Wanda turned back to her meal. "Whoever stole the quarter broke and ran. He had us all believing in that magic rock."
Naomi spewed coffee into her salad. "No chit?"
"No chit. Here; I brought a coupon for a free coke."
Naomi shook her head, still fighting laughter. "Tough act to follow," she finally said.
"Right. So I'm married and divorced three times. Sure you don't want this coupon?"
"Sure."
They watched the setting sun build a double rainbow east of town. It was as bright as neon, propped by the dark forest against a sky black with a dying summer monsoon.
After a while Wanda asked, "What do you think about this Dr. Bayer thing?"
Naomi angled her mug back onto its same wet ring. "What thing?

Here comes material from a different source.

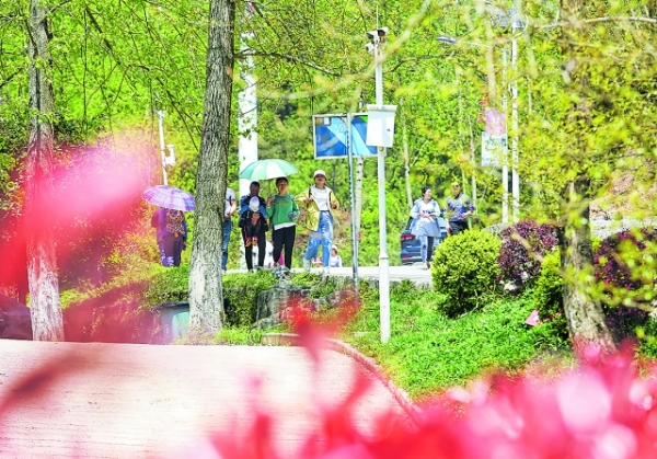 游客在乌当区枫叶谷景区游玩。

What Dr. Bayer?"
"Dr. E. James Bayer, the father of that peace gas that turned out to make you crazy. I told you; he grew up in Winslow. He went to school here at NAU, everybody in town knows him. Cornelius, his half-brother? still runs the ranch. Remember now?"
"Oh yeah; right. The stuff turned animals into killers. They wanted to turn the Russians into animals."

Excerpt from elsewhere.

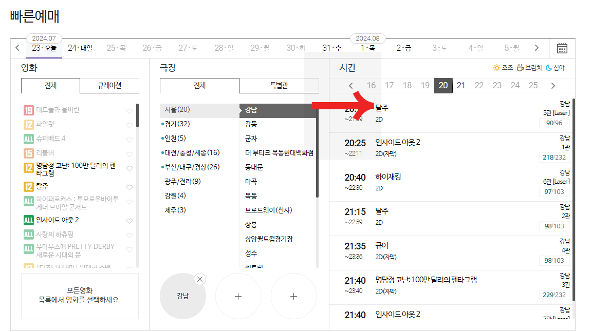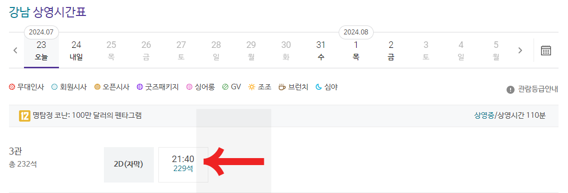 - 원하는 상영시간을 확인해 주시면 되는데, 상영시간표에 나오지 않는다면 요일이나 지점을 다시 확인해 주시길 바랍니다.

"Dr. Bayer's the one who invented it, him and some redskin genius. The Indian got killed."
"Hunh. Why is it news now?"
"Dr. Beyer's suing the Pentagon for slavery, and the paper says he might win."
"Slavery?"
"Yeah. They won't admit it, but that gas really turned them on. In this article Bayer says right after that stuff was stolen, they built him some laboratory and wouldn't let him out. Made him work on the gas. He says he sneaked his little boy to his brother because the Feds wanted the kid, too."
"Wanted the kid? What for?"
"Experiments, probably. They think Dr. Bayer smelled enough of his own gas to pass it on to his son. It does that. You know, goes into your DNA."
"Wow." Naomi wiped her sweating palms on her jeans and reached again for her coffee.
"Yeah. He wasn't really all there to begin with, I guess, so he went more and more crazy. The government didn't let loose of him until it was too late, and now with just one eye he'll never be the same. Oh, I guess he's not crazy-crazy, know what I mean? He just can't concentrate long enough to work. At least, that's what he says. And I guess he's a little funny to talk to."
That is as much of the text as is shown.